# [Try it]
Leave out the pictures and retype, exactly, the lines below from the line with "An ivory babygrow" up to and including the line with "リボンニットとプリーツ切り替", nothing more.

# [Records for processing]
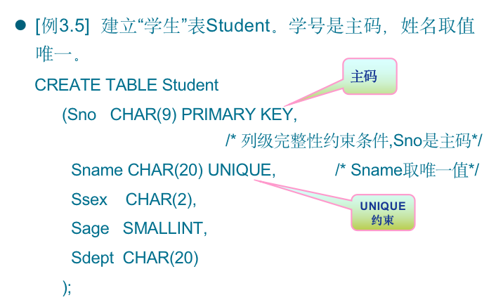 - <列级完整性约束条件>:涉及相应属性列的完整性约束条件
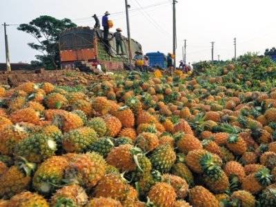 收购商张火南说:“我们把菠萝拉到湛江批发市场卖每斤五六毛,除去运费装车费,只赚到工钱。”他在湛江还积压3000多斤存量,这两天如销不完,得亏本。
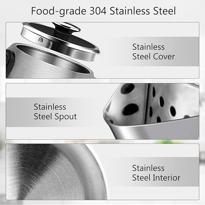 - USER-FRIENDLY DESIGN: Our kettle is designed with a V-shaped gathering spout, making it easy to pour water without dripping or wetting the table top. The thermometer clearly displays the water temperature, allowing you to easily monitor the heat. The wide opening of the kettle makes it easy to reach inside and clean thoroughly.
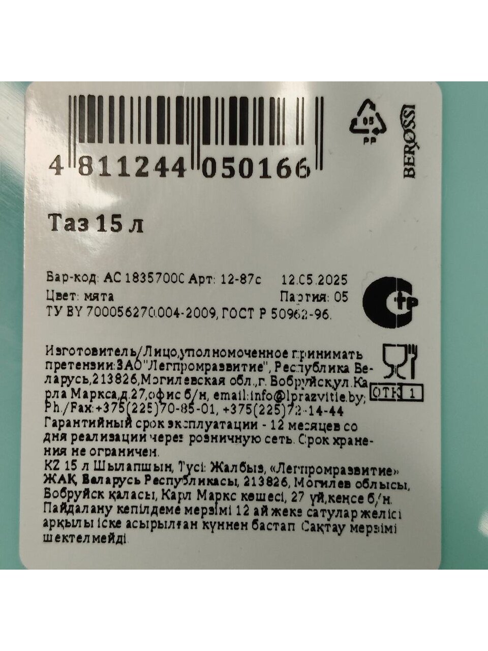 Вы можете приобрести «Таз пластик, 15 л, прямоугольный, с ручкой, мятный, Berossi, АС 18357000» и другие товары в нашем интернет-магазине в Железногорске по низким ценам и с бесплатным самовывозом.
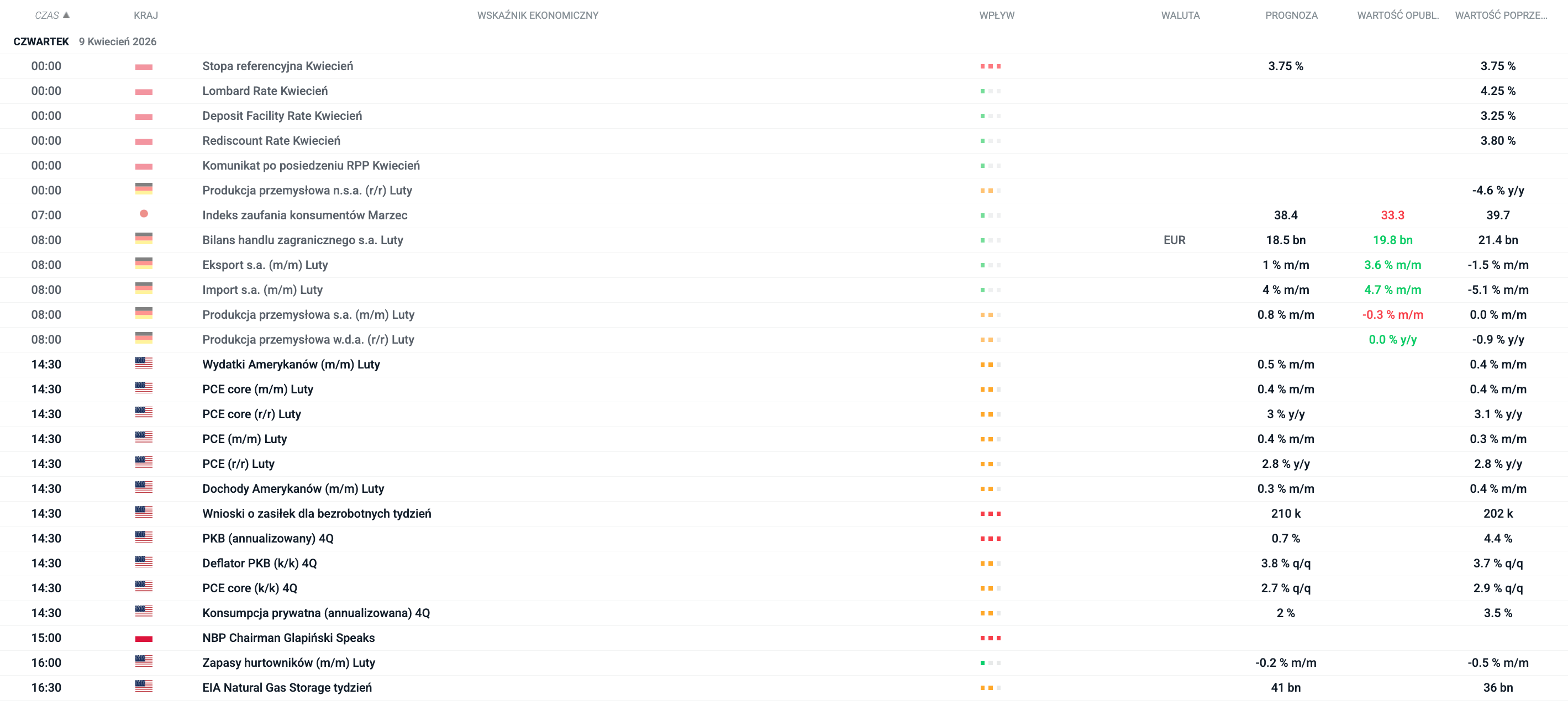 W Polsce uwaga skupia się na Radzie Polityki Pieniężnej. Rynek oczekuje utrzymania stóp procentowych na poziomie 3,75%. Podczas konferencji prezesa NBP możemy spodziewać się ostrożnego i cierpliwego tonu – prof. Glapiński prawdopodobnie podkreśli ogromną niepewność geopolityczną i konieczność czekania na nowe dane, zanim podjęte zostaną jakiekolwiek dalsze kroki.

--

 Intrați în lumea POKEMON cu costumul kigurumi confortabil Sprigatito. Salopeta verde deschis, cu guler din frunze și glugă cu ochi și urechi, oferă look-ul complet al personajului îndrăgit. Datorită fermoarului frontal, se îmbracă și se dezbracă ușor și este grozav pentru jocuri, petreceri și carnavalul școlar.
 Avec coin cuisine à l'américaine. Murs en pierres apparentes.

==

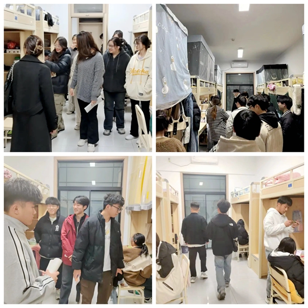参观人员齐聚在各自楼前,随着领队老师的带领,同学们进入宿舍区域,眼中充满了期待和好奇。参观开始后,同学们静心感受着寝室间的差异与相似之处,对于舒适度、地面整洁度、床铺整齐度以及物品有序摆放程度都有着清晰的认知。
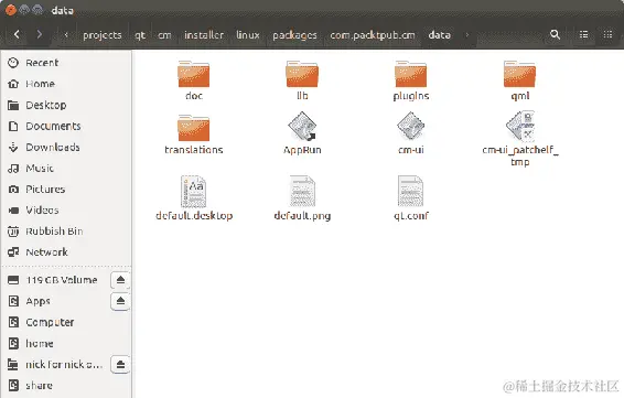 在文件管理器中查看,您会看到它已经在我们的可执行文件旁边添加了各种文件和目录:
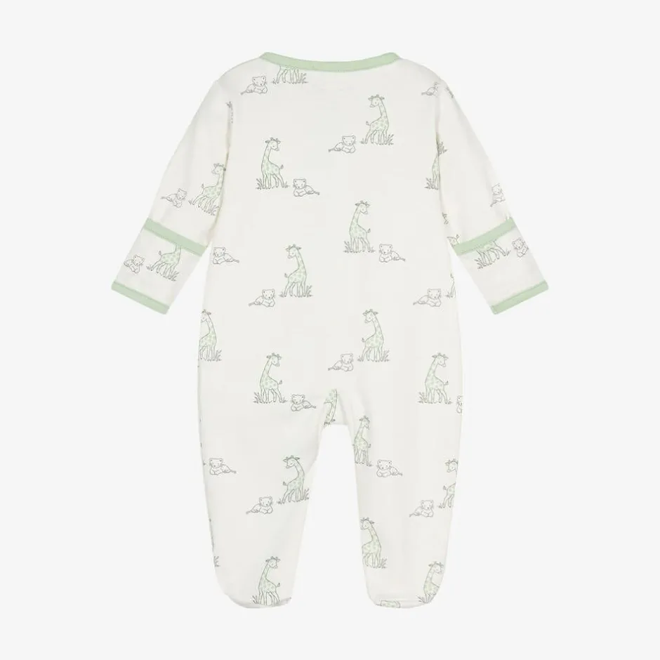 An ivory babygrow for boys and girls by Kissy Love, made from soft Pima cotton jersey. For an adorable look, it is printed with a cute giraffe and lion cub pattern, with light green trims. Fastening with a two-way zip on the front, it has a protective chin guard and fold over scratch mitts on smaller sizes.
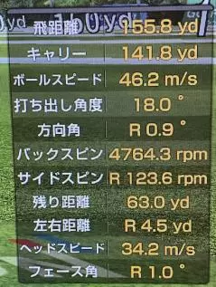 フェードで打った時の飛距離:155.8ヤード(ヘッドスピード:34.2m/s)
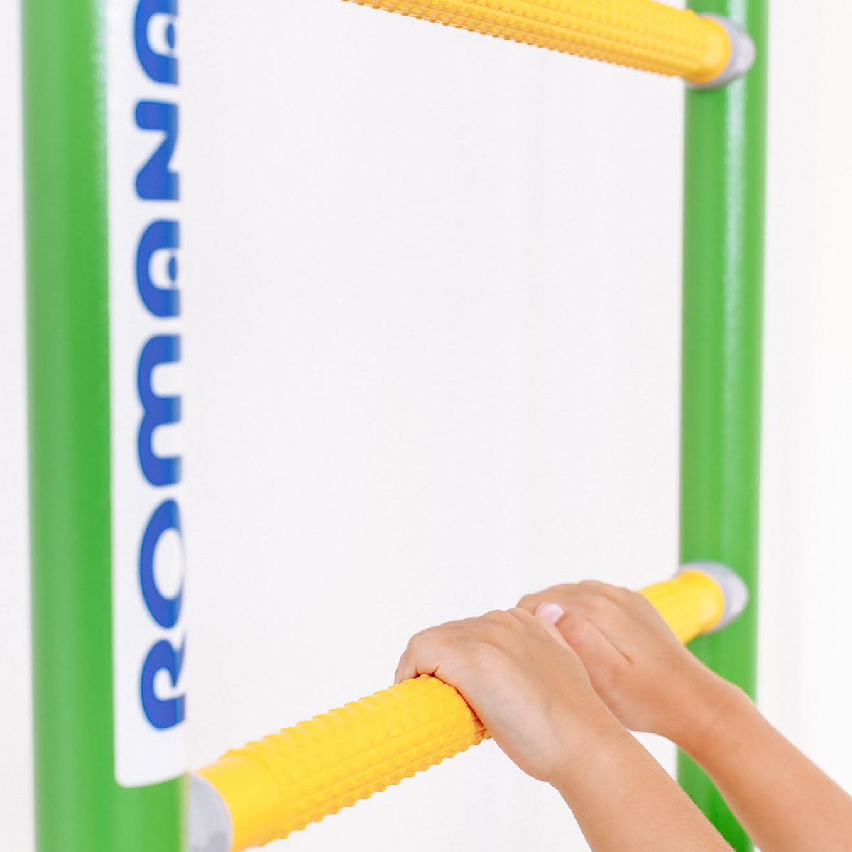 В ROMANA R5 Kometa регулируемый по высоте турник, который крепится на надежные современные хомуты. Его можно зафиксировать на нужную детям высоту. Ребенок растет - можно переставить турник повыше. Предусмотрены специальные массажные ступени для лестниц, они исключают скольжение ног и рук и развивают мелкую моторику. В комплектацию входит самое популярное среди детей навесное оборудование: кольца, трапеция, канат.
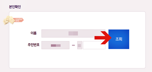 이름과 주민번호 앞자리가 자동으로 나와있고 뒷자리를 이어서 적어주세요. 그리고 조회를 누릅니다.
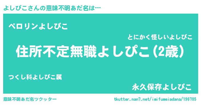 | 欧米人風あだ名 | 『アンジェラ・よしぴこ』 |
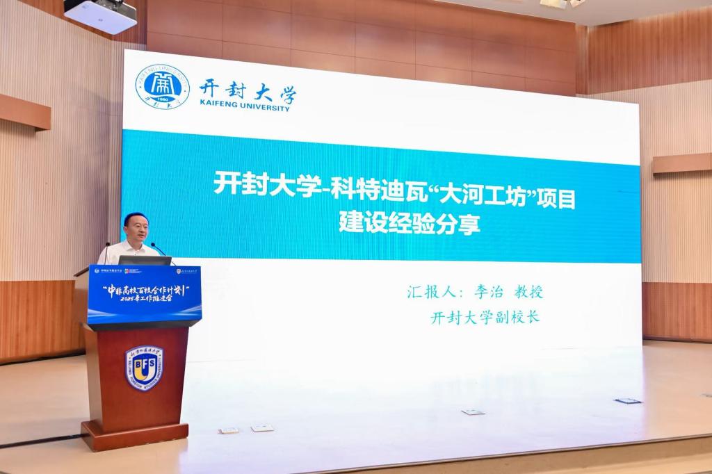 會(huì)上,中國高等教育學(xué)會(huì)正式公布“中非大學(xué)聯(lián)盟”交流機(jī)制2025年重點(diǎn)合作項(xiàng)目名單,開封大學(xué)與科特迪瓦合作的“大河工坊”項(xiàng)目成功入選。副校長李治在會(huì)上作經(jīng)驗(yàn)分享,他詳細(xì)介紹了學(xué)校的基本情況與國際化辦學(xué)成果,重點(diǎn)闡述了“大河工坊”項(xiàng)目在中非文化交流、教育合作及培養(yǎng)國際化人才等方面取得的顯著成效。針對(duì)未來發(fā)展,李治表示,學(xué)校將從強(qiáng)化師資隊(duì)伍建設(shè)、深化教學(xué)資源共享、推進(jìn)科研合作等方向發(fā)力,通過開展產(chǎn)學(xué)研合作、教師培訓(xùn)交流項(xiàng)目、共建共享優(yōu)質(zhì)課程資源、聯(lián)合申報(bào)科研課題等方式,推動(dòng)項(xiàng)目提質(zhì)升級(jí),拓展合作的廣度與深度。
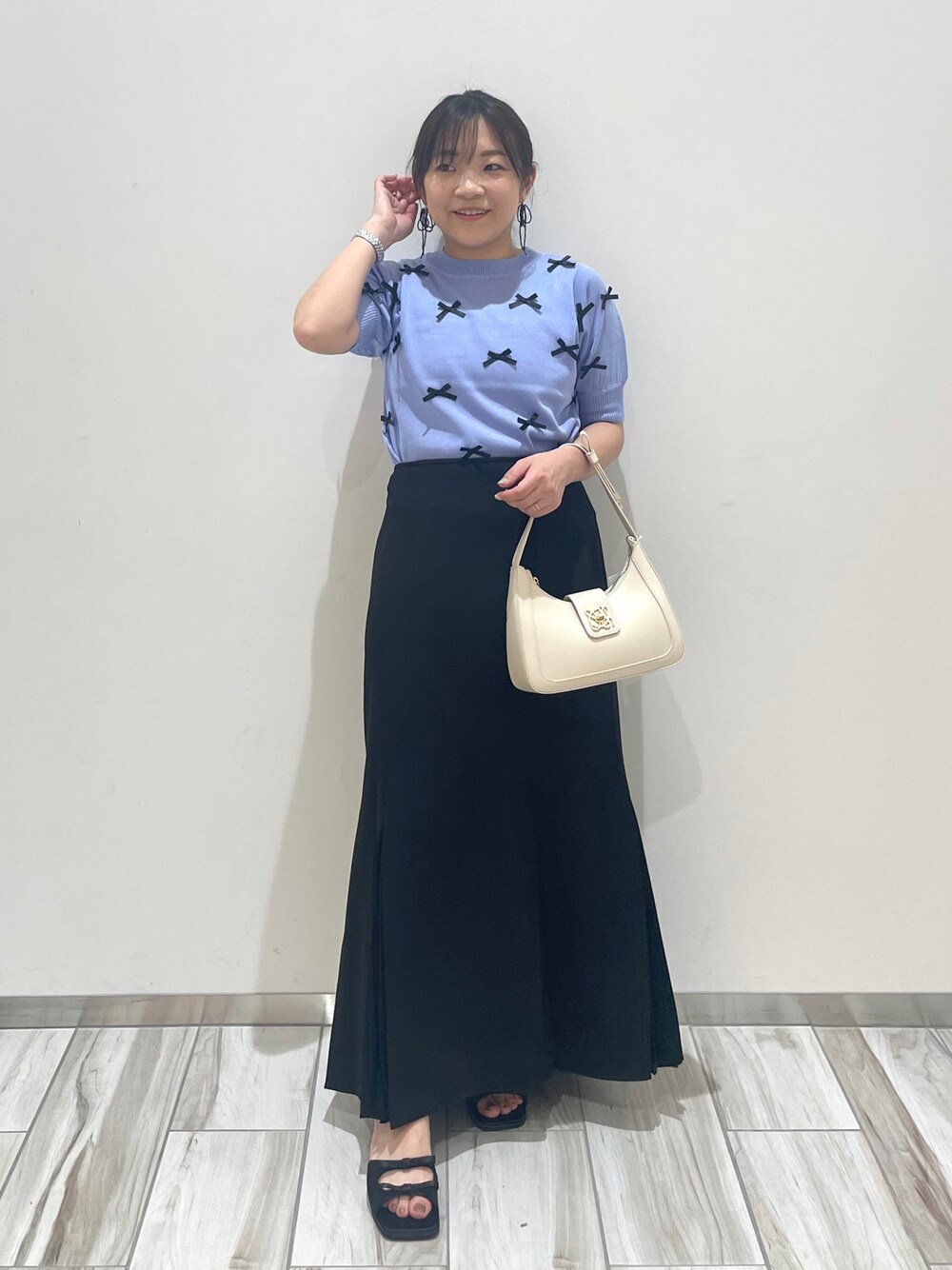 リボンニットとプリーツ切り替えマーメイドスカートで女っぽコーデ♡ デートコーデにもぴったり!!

# [Answer box]
 An ivory babygrow for boys and girls by Kissy Love, made from soft Pima cotton jersey. For an adorable look, it is printed with a cute giraffe and lion cub pattern, with light green trims. Fastening with a two-way zip on the front, it has a protective chin guard and fold over scratch mitts on smaller sizes.
 フェードで打った時の飛距離:155.8ヤード(ヘッドスピード:34.2m/s)
 В ROMANA R5 Kometa регулируемый по высоте турник, который крепится на надежные современные хомуты. Его можно зафиксировать на нужную детям высоту. Ребенок растет - можно переставить турник повыше. Предусмотрены специальные массажные ступени для лестниц, они исключают скольжение ног и рук и развивают мелкую моторику. В комплектацию входит самое популярное среди детей навесное оборудование: кольца, трапеция, канат.
 이름과 주민번호 앞자리가 자동으로 나와있고 뒷자리를 이어서 적어주세요. 그리고 조회를 누릅니다.
 | 欧米人風あだ名 | 『アンジェラ・よしぴこ』 |
 會(huì)上,中國高等教育學(xué)會(huì)正式公布“中非大學(xué)聯(lián)盟”交流機(jī)制2025年重點(diǎn)合作項(xiàng)目名單,開封大學(xué)與科特迪瓦合作的“大河工坊”項(xiàng)目成功入選。副校長李治在會(huì)上作經(jīng)驗(yàn)分享,他詳細(xì)介紹了學(xué)校的基本情況與國際化辦學(xué)成果,重點(diǎn)闡述了“大河工坊”項(xiàng)目在中非文化交流、教育合作及培養(yǎng)國際化人才等方面取得的顯著成效。針對(duì)未來發(fā)展,李治表示,學(xué)校將從強(qiáng)化師資隊(duì)伍建設(shè)、深化教學(xué)資源共享、推進(jìn)科研合作等方向發(fā)力,通過開展產(chǎn)學(xué)研合作、教師培訓(xùn)交流項(xiàng)目、共建共享優(yōu)質(zhì)課程資源、聯(lián)合申報(bào)科研課題等方式,推動(dòng)項(xiàng)目提質(zhì)升級(jí),拓展合作的廣度與深度。
 リボンニットとプリーツ切り替えマーメイドスカートで女っぽコーデ♡ デートコーデにもぴったり!!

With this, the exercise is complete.